In animal studies, exposure to cigarette smoke and other irritants promotes the rapid onset of neutrophils in the respiratory tract.
They also showed that when the mucosa of aerosolized tails is injured by inhaling cigarette smoke, edema forms in 30 min, and the number of neutrophils in the airway epithelium increased fivefold from the control values measured six h after the injury.
Not surprisingly, neutrophils are found abundantly in the walls of the respiratory tract of smokers, and the number of submucosal neutrophils correlates significantly with the dose of cigarette smoke.
However, at least in some reports, the number of neutrophils in the walls of the airways is no different in smokers with or without airflow obstruction.
These first inflammatory events in smokers may not be specific and represent an innate immune response to the airway injury.
Other irritants will also trigger an inflammatory reaction in the respiratory tract. For example, they reported that inhalation of acid in dogs caused abnormalities in the function of the small airways that were associated with an accumulation of neutrophils in the non-cartilage airways.
Similarly, the inhalation of NO 2 causes a rapid increase in airway resistance and the responsiveness of the airways with an influx of neutrophils followed by mononuclear cells.
Changes induced by SO 2 have also been described, consisting of a marked neutrophilic infiltration of the respiratory tract and an increase in resistance.
The inhalation of neutrophil elastase also causes increases in the total cell counts of the BAL fluid. It is accompanied by epithelial damage, mucus plugging, and infiltration of neutrophils and macrophages in the bronchial mucosa.
Ozone exposure has been extensively studied in human volunteers. It can describe events occurring in the airways after repeated exposure to a respiratory irritant ( p Eg. , NO 2, SO 2, ozone, cigarette, or gas).
Acute exposure to ozone leads to an increase in neutrophilic and mononuclear cells, increases total protein concentration, interleukin (IL) -6 and IL-8, and reduces glutathione levels in BAL fluid.
The earliest and most constant pathological abnormality in the respiratory tract of smokers is the cellular inflammatory infiltration through the wall.

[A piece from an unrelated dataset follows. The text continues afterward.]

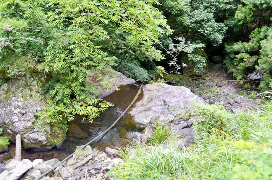 奈良県川上村にある「蛇滝」は、武木地区を流れる吉野川の支流・武木川に流れ落ちている。 全体は10~12m程の段瀑で、水の流れは、見る角度によっては「く」の字ようにも見える。 その様子が名前の由来のようだが、残念ながら、この時はその様子をよく見ることができなかった。 掲載している写真のように、この時は植物がよく繁茂していて、ほとんど葉隠れのようになってしまっている。 滝下へは、落ち口の辺りから降りることができるのかもしれないが、下流側からでは、まったく足元が見えない状態にもなっている。 この滝を見るには、春先か晩秋辺りがよいのだろうが、下流側の沢の様子なども全く見ることができなかったのは残念ではある。 ところで、この蛇滝の落ち口辺りには祠が建てられているので、何か謂れがある滝なのかもしれない。 祠は林道脇に立てられていて、上流側のすぐの所には、小さな堰堤も見られる。 この祠から道路を挟んで蛇滝の落ち口の様子を見ることができるが、この辺りから滝下へ降りることができるのかは分からない。 落差があり、流れにも変化がある滝なので、滝下辺りから眺めれば、おもしろい景観を楽しめるのかもしれない。 蛇滝への交通・アクセス さて、蛇滝の上流には「二又の滝」があるが、付近までの交通はそのページで紹介しているので、国道169号線の分岐からだと、橋を渡った先を「武木」方面へ向かう左へと進む。 林道を700~800m程進むと、右手に小さな祠が祀られているのが目に入る。 この祠の辺りが「蛇滝」の落ち口になっていて、蛇滝は、林道をやや戻っていくと遠望できる。 植物が繁茂していない時期なら、下流側から上ってくるときにもはっきり遠望できそうだが、植物が多いと、注意していないと見落としてしまうかもしれない。 尚、二又の滝は、ここから林道を更に進んで行くと、林道の右手に見える。 ただ、滝前には急な斜面を降りなければならないので、ロープなどを用意しておいた方がよい。 |

Therefore, the “early” inflammatory infiltrate found in the respiratory tract of smokers and reflected in pulmonary function tests probably represents a nonspecific response of the respiratory tract to the lesion in general.
However, a significant difference between the insult of cigarette smoke and those described above may be the chronic inflammatory stimulus produced by the daily inhalation of cigarette smoke.
Therefore, it would seem that most smokers would develop chronic and nonspecific inflammation in the respiratory tract and lung parenchyma, but, for unknown reasons, some smokers develop severe airway abnormalities and emphysema, which eventually develop into Clinical COPD.